Por Ricardo Teixeira
A adaptação do nosso corpo ao frio envolve mecanismos neurológicos, que influenciam nosso sistema endocrinológico e vascular, mas é claro que também envolve mecanismos comportamentais, como tirar do armário aquele cobertor que só usamos algumas vezes no ano.

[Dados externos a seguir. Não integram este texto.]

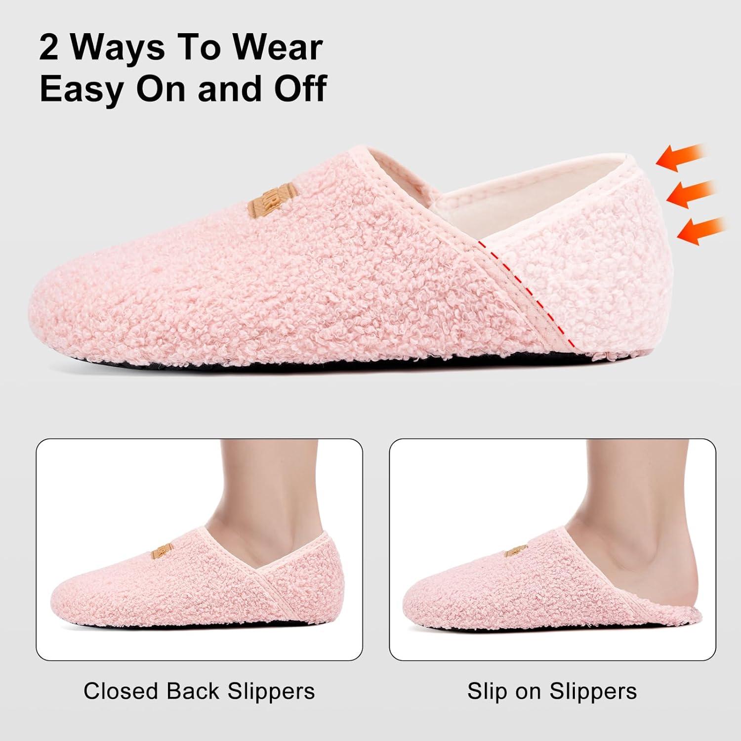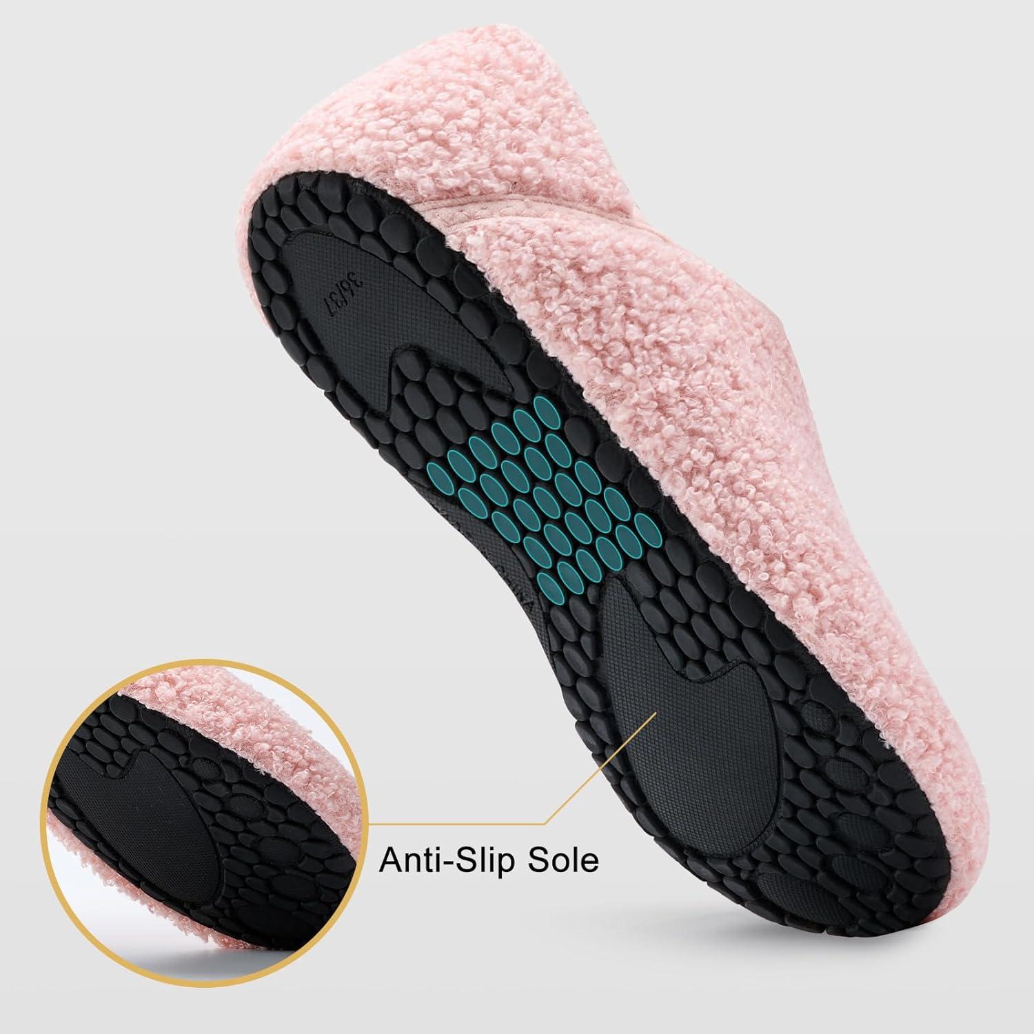 VIFUUR House Slippers for Women Men Slip on Indoor Barefoot Slipper Socks Fuzzy Cozy Sock Shoes for Home Bedroom Travel(05 Pink)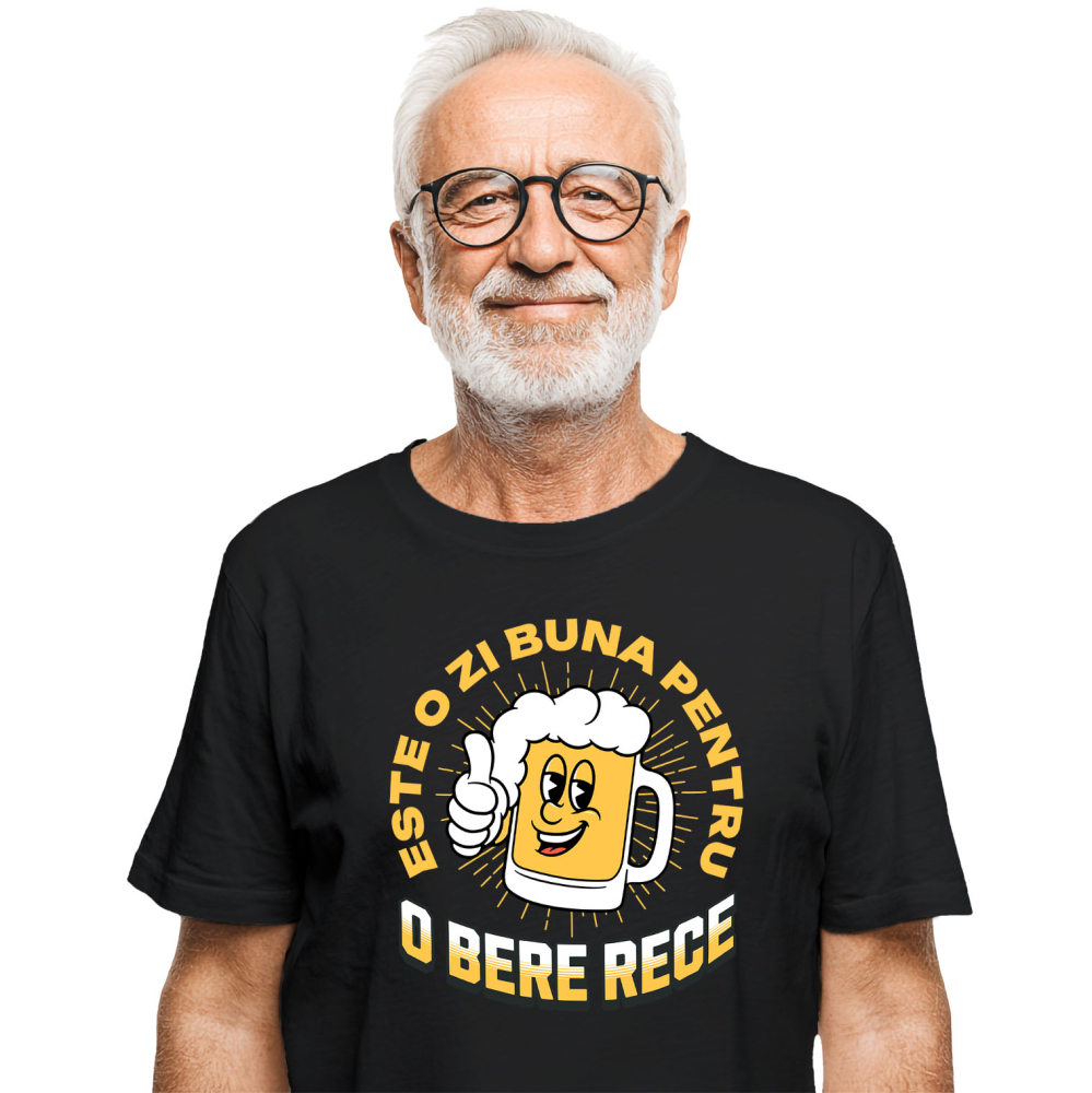 Tricou Barbati cu Halba De Bere Vesela Spuma Rece, Relaxare Intre Barbati cu imprimeu pe Fata, 100% Bumbac, Negru, L

Vários fatores determinam a regulação do frio em um determinado indivíduo: idade, sexo, preparo físico, quantidade de gordura corporal. Até mesmo o tipo de personalidade do indivíduo pode influenciar: extrovertidos reagem mais ao desconforto do frio com maior aumento da pressão arterial e secreção de noradrenalina. Doenças sistêmicas e medicações também podem afetar a resposta individual ao frio.
Do ponto de vista de desempenho físico, o frio prejudica a função muscular em exercícios dinâmicos. Já em exercícios estáticos (isométricos), o frio não influencia tanto, e ao contrário, pode até aumentar a resistência muscular. Um recente estudo revelou associação entre o frio e a capacidade de equilíbrio, possivelmente por reduzir a eficiência de nossas ;antenas; que regulam nosso balanço. E o nosso cérebro?
Sabemos que tanto o frio como o calor exagerados podem influenciar negativamente nossas habilidades mentais, e um balanço geral dos estudos existentes sugere que o frio tende a atrapalhar mais. Entretanto, alguns estudos também nos mostram que o frio leve / moderado pode melhorar nosso desempenho intelectual.
Duas principais teorias explicam o efeito do frio sobre nossas habilidades cognitivas. A primeira é a do ;efeito distração; que o desconforto associado ao frio pode causar, ao desviar nossa atenção da tarefa que estamos efetuando. A outra teoria defende a idéia de que o frio leve / moderado deixa-nos mais acordados, e o maior estado de vigília permite um melhor desempenho do nosso cérebro.
Evidências neurofisiológicas apóiam essa hipótese, ao mostrar que a atividade elétrica cerebral no frio leve / moderado é mais ;esperta;. O frio pode reduzir nosso nível de vigília, nossa concentração e memória de curto prazo, entre outras funções cognitivas, especialmente em temperaturas abaixo de 10o C. No caso de hipotermia, ou seja, em situações de frio extremo em que a temperatura corporal chega a níveis inferiores a 35o C, pode-se observar sintomas de confusão mental e redução da vigília. O efeito do inverno sobre nosso comportamento também pode ter uma parcela de contribuição do fator luminosidade.
Em países muito ao sul ou muito ao norte, o inverno vem acompanhado de pouca luz por conta de dias muito curtos, fenômeno que é bem reconhecido como fator que aumenta a freqüência de sintomas depressivos nessa estação. E depressão é igual a cérebro menos eficiente. Há evidências também que as concentrações dos hormônios da tiróide estão reduzidas em invernos rigorosos. E hormônios da tiróide são combustíveis importantes para o cérebro.
Até o momento, a melhor dica para nosso cérebro curtir o frio com boa performance é a de nos agasalharmos bem para não ficarmos distraídos com o desconforto do frio. No ambiente de trabalho, o ar condicionado simulando uma câmara frigorífica pode ser um fator de distração. Viver o inverno sem ficarmos lembrando que está frio pode até deixar o cérebro mais ligado. Um cafezinho vai muito bem também.
* Dr Ricardo é doutor em neurologia pela Unicamp e diretor clínico do Instituto do Cérebro de Brasília.